━━━ Data excerpt ━━━

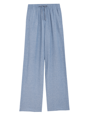 Blend effortless style with ultimate comfort in these linen-rich trousers. The wide-legged design features an elasticated mid-rise waist with an adjustable drawcord fastening. Handy pockets at the back and sides complete the versatile look.n M&S Collection: easy-to-wear wardrobe staples that combine classic and contemporary styles.
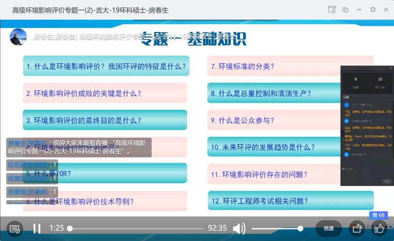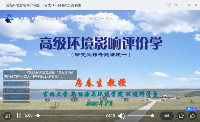 房春生教授开设的环境科学专业硕士研究生专业课《高级环境影响评价学》顺利进行了首次网络直播授课,成为探花av
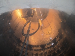 立井竖井施工中,凿井吊盘是形成提升系统、排水系统、抓岩、掘砌、供风、供水、供电等多工序的主要工作平台更是重要的安全保护设施,在正常施工过程中,每次完成一个进度循环,凿井稳盘都要按照施工需要上升或者下降,升降的过程和吊盘的固定、找正找平等工作,给施工进度带来很大的影响;凿井吊盘担负着放置凿井设备、固定吊桶提升轨迹平稳升降、抓岩机装渣晃动的安全隐患、调平吊盘水平快速升降快速找平、防止掉落保护工作面人员施工安全等多种用途;因施工要求吊盘直径必须小于井筒直径约300mm,所以吊盘必然存在摆动,悬吊晃动振动就是摩擦磨损和不平衡的隐患根源,施工设备工作时的晃动震动就必然存在有坠人、坠物、吊盘各处焊接缝开裂等等不安全隐患,又因不断向前掘进中,需要经常升降吊盘,因此固定吊盘醉好能长久不要频繁拆解又要固定牢固还不损害吊盘和井壁,来减少工作量及工作时间,来保障凿井施工安全。

━━━

Every picture stays out; reproduce exactly the lines from the one with "房春生教授开设的环境科学专业" through the last line of the data above.

* [Response]
 房春生教授开设的环境科学专业硕士研究生专业课《高级环境影响评价学》顺利进行了首次网络直播授课,成为探花av
 立井竖井施工中,凿井吊盘是形成提升系统、排水系统、抓岩、掘砌、供风、供水、供电等多工序的主要工作平台更是重要的安全保护设施,在正常施工过程中,每次完成一个进度循环,凿井稳盘都要按照施工需要上升或者下降,升降的过程和吊盘的固定、找正找平等工作,给施工进度带来很大的影响;凿井吊盘担负着放置凿井设备、固定吊桶提升轨迹平稳升降、抓岩机装渣晃动的安全隐患、调平吊盘水平快速升降快速找平、防止掉落保护工作面人员施工安全等多种用途;因施工要求吊盘直径必须小于井筒直径约300mm,所以吊盘必然存在摆动,悬吊晃动振动就是摩擦磨损和不平衡的隐患根源,施工设备工作时的晃动震动就必然存在有坠人、坠物、吊盘各处焊接缝开裂等等不安全隐患,又因不断向前掘进中,需要经常升降吊盘,因此固定吊盘醉好能长久不要频繁拆解又要固定牢固还不损害吊盘和井壁,来减少工作量及工作时间,来保障凿井施工安全。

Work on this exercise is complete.